Exercise instructions: Of the entries below, restate word for word only the section that runs from the line with "佐願 阿里菜さんを姓名の画数から五運を鑑定" to the line with "Introducing our custom-made", counting both ends.

Record set:
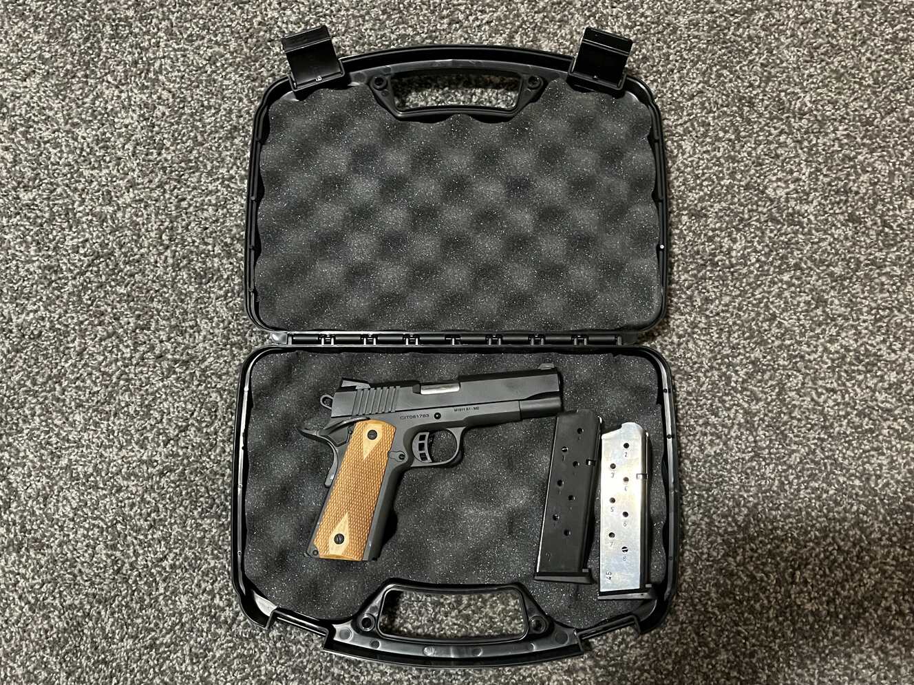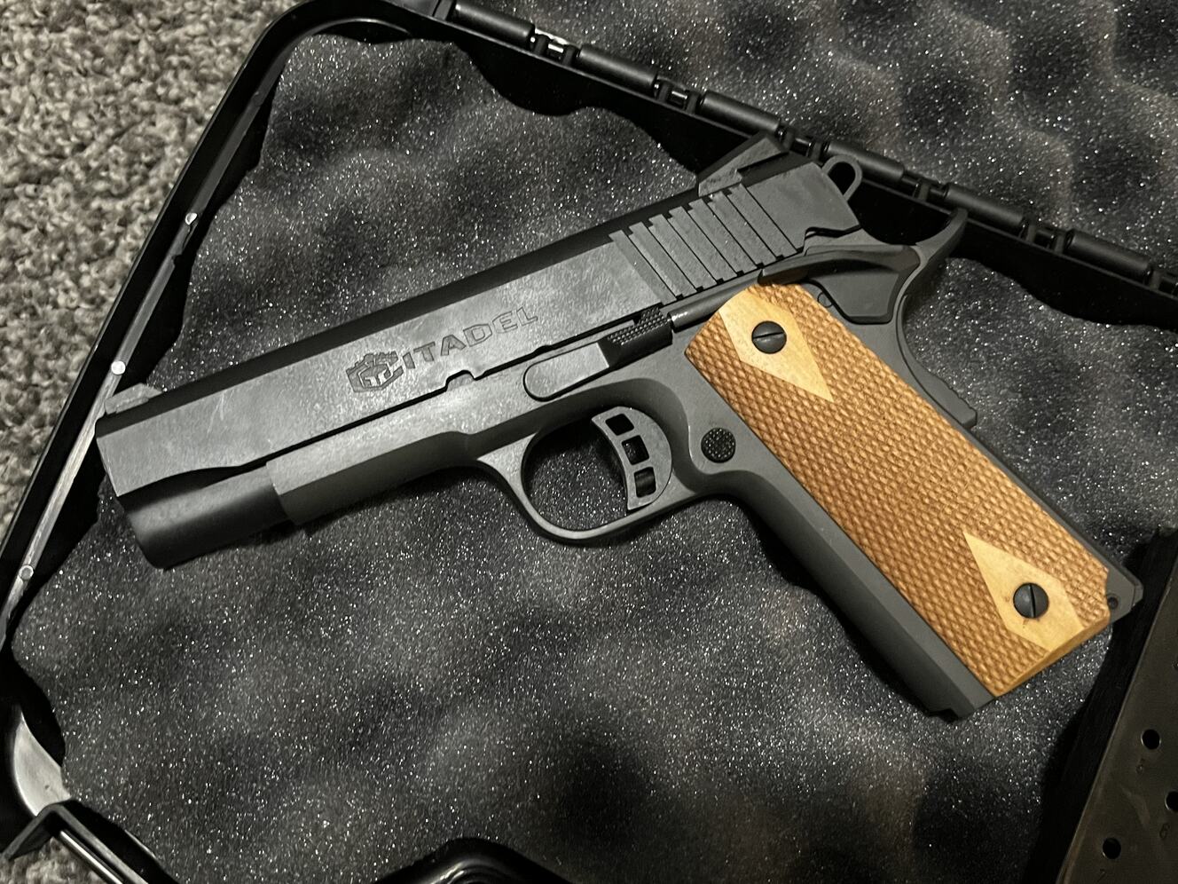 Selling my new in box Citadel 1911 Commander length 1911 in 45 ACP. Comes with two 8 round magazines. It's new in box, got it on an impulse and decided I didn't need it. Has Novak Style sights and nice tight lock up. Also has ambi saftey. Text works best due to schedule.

==

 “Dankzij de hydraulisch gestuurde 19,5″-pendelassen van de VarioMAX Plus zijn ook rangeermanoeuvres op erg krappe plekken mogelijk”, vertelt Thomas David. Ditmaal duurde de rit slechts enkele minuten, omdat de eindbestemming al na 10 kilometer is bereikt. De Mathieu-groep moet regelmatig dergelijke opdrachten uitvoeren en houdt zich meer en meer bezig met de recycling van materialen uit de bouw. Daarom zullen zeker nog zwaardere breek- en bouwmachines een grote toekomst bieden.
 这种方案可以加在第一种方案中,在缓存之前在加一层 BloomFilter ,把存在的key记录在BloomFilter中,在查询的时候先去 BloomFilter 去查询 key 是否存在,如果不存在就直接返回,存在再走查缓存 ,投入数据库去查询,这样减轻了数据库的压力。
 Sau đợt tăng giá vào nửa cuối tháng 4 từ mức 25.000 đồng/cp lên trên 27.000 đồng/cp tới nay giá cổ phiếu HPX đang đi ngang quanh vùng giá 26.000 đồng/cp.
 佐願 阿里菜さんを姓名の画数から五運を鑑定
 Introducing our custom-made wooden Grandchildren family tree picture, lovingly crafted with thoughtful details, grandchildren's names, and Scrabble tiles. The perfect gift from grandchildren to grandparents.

Result for this task:
 佐願 阿里菜さんを姓名の画数から五運を鑑定
 Introducing our custom-made wooden Grandchildren family tree picture, lovingly crafted with thoughtful details, grandchildren's names, and Scrabble tiles. The perfect gift from grandchildren to grandparents.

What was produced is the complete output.